# Why Lead batteries do not need balancing?



## kennybobby (Aug 10, 2012)

flooded lead acid batteries are charged up to 14.4 at which point they start gassing and 'boiling' off, but the electrolyte can be refilled and topped off, and they are good to go--that is essentially top balancing.

trying to charge weak or old batteries, or SLA in which the electolyte level is low or unknown will not likely be successful.


----------



## jumpjack (Sep 9, 2012)

Who talked about flooded? They are 4 SLA, i.e. - *silicon* lead acid: no liquid, only silica gel, and a sealed case.


----------



## favguy (May 2, 2008)

I've never heard of silicon lead acid !! But if they are AGM's often referred to as SLA they absolutely have to be top balanced, either by current shunts on each battery or a current shuttling system. This is if charged with just the one charger. 

Why did you think they don't need balancing?


----------



## jumpjack (Sep 9, 2012)

favguy said:


> I've never heard of silicon lead acid !! But if they are AGM's often referred to as SLA


As far as I know, SLA and AGM are different technologies, and SLA means Silicon Lead Acid (vs Absorbed Glass Mat)

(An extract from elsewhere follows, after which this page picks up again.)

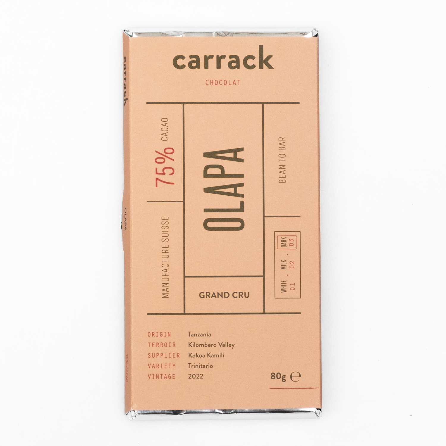 Crafted from ethically sourced Tanzanian cocoa, this premium chocolate offers a truly heavenly taste experience. Inspired by Olapa, the moon goddess of Maasai mythology, it delights with subtle notes of redcurrant, caramel and gianduja.

> Why did you think they don't need balancing?


Because there is no balancing system on my e-scooter! Just 4 batteries connected in series, and that's all.


----------



## EVfun (Mar 14, 2010)

jumpjack said:


> I have an e-scooter equipped with very old SLA batteries, quite unusable.
> Yesterday package was at 48.8V; after one night charging... it's at 41.1V...
> And this is not all:
> The *newset battery is at 12V, but the others are at 7, 9 and 11 V! *(regardless of decimals).
> ...


You have just demonstrated that they NEED balancing. You have also explained why such a function is seldom included by the manufacturer.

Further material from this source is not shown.